(What to do) Print the line containing "100% poliestere. t-shirt" and all lines after it, unchanged, through the end of the data. Leave the pictures out.

--- Material provided Enclosed Below ---

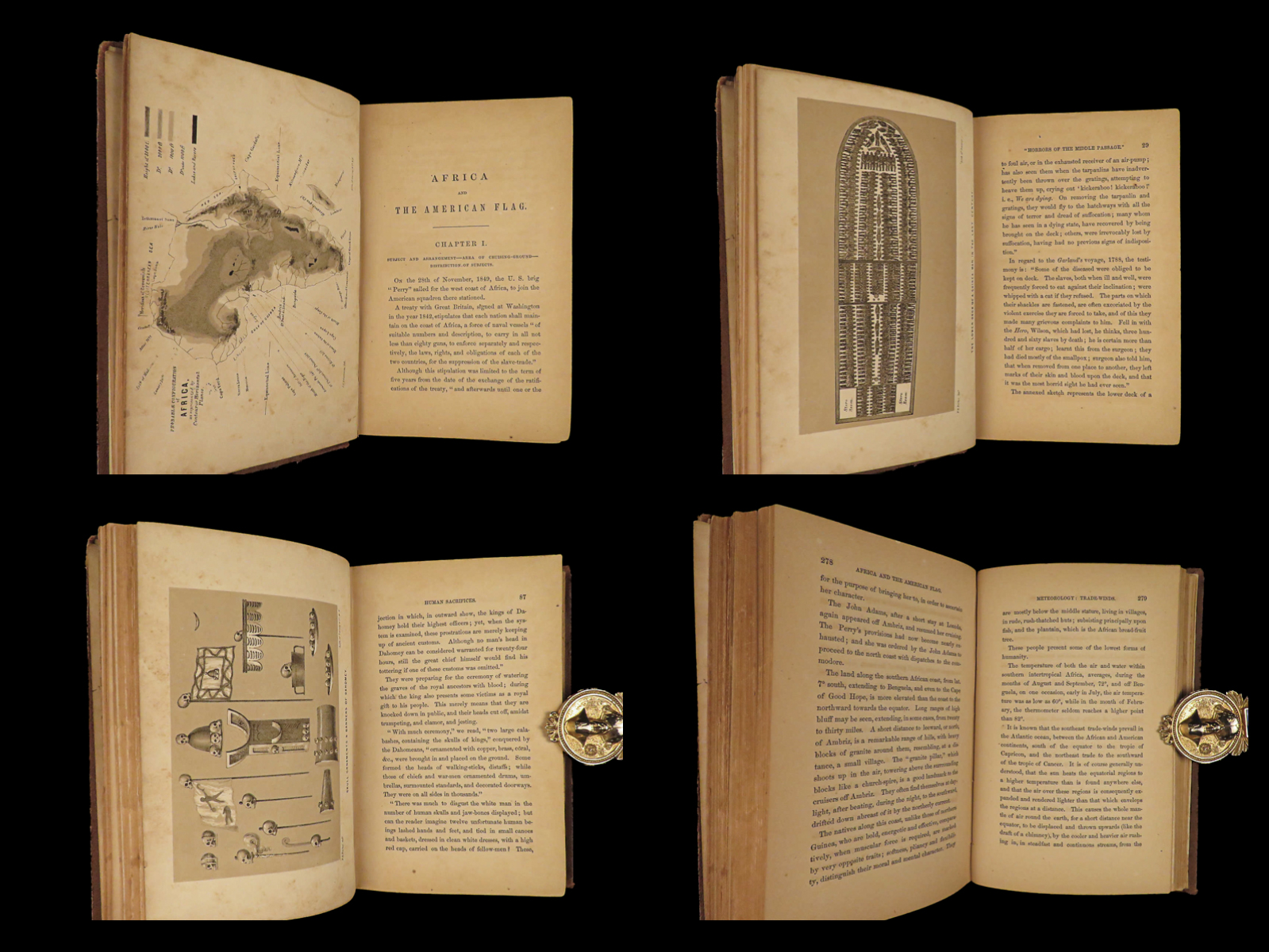This fine 1862 edition is Foote’s own account of his experience as commander of the Perry off the African coast in the early 1850’s, where his dogged attempts to suppress the African slave trade (illegal then under American law) became legendary. His impassioned account here did much to stir the growing public repugnance for the trade in America. This edition includes seven hand tinted steel lithographic plates and a map, with the frontis of the slave trade in action!
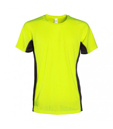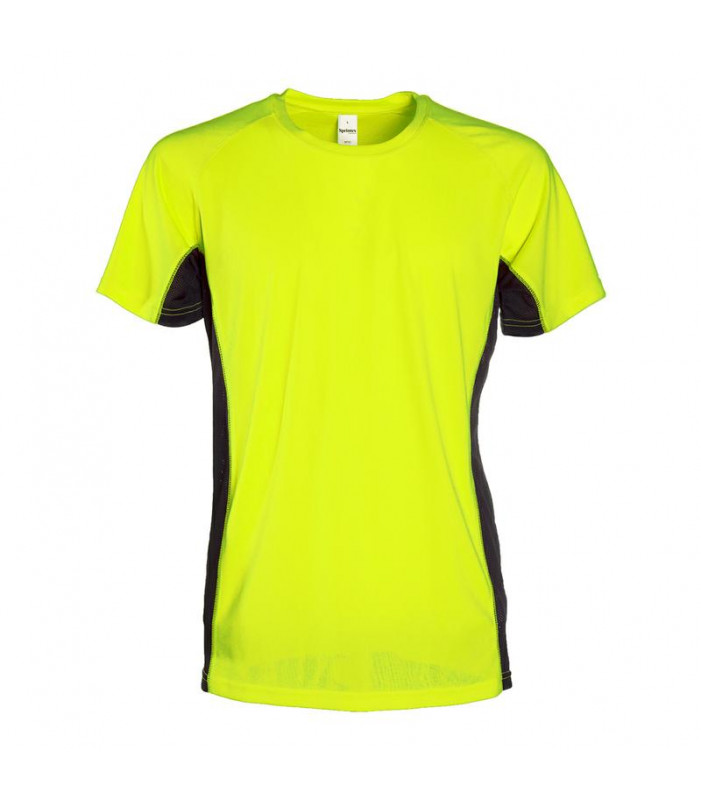 100% poliestere. t-shirt maniche corte raglan, struttura con fasce laterali in tessuto microforato di colore contrastante, nastro parasudore al collo.
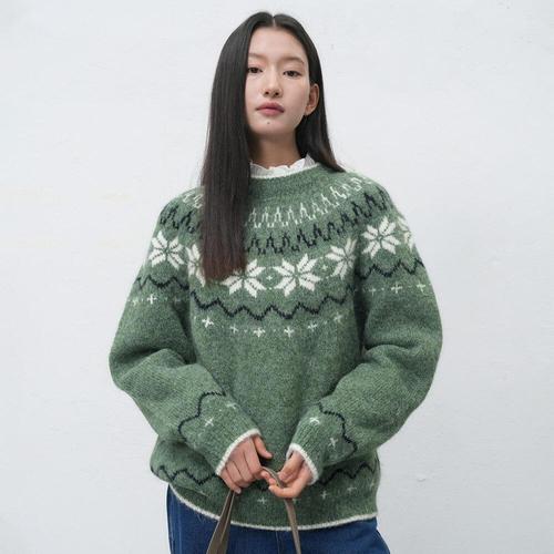 [제너럴아이디어]UNISEX 울 스노우 노르딕 풀오버 [PISTACHIO] / SBD4U05022-WOMAN
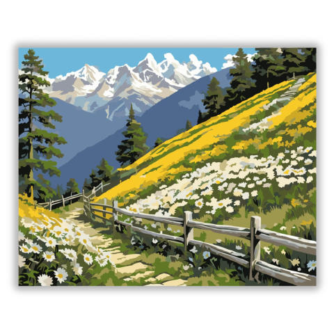 Vadvirágos Hegyi Lejtő - számfestő készlet – 40×50 cm (Keret nélkül) A festmény egy meredek hegyi lejtőt ábrázol, melyet sárga és fehér margaréták borítanak, és egy kanyargó fakerítés vezet felfelé. A színek élénkek, a sárga és zöld árnyalatok dominálnak,

--- End of Enclosed Material provided ---

(Task response)
 100% poliestere. t-shirt maniche corte raglan, struttura con fasce laterali in tessuto microforato di colore contrastante, nastro parasudore al collo.
 [제너럴아이디어]UNISEX 울 스노우 노르딕 풀오버 [PISTACHIO] / SBD4U05022-WOMAN
 Vadvirágos Hegyi Lejtő - számfestő készlet – 40×50 cm (Keret nélkül) A festmény egy meredek hegyi lejtőt ábrázol, melyet sárga és fehér margaréták borítanak, és egy kanyargó fakerítés vezet felfelé. A színek élénkek, a sárga és zöld árnyalatok dominálnak,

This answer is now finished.